Sebi plans to reduce the cooling off period to one year for its former employees before they take up jobs elsewhere as well as introduce special casual leaves for staff with physical disabilities, according to a senior official.

Besides, the watchdog has proposed a comprehensive review of its recruitment policy.

The Sebi board, which is scheduled to meet on June 21, is expected to discuss these proposals, the official said.

At present, an employee who has retired or ceased to be in the service at the regulator is barred from taking up jobs with Sebi-registered intermediaries or any other commercial employment for a period of two years.

This period is proposed to be reduced to one year.

Once approved, the reduced time period will also be applicable to officials who have retired or have resigned but have not completed two years after being relieved from the services of the Securities and Exchange Board of India.

The reduction in cooling off period will also bring the condition applicable for Sebi employees in line with the RBI and the central government.

It would amend the Sebi (Employee's Service) Regulations, the official said.

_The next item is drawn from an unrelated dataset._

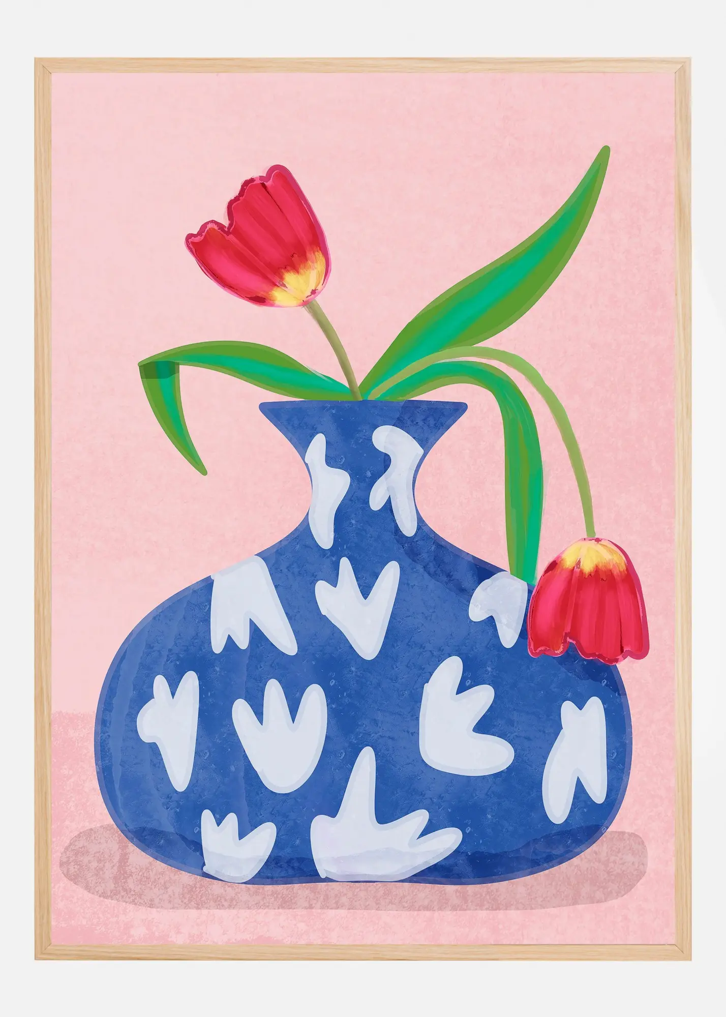 Upptäck en trendig poster med ett färgglatt och konstnärligt motiv som förgyller vilket rum som helst. Denna affisch visar en charmig vas i djupblå färg prydd med abstrakta vita mönster, vilket ger en unik touch. Vasen är smakfullt fylld med två kuddlika tulpaner i klarrött och ljusrosa, vilket skapar en vacker kontrast och livfullhet.

According to him, there is also a proposal to introduce special casual leaves for persons with disabilities at the Sebi in line with provisions made by the Department of Personnel and Training and the RBI.

The official noted that the recruitment policy will be reviewed comprehensively as it is a dynamic environment where qualifications and skills expected from employees is changing.

One of the proposals is to increase the probation period for candidates hired for certain grades to two years from one year.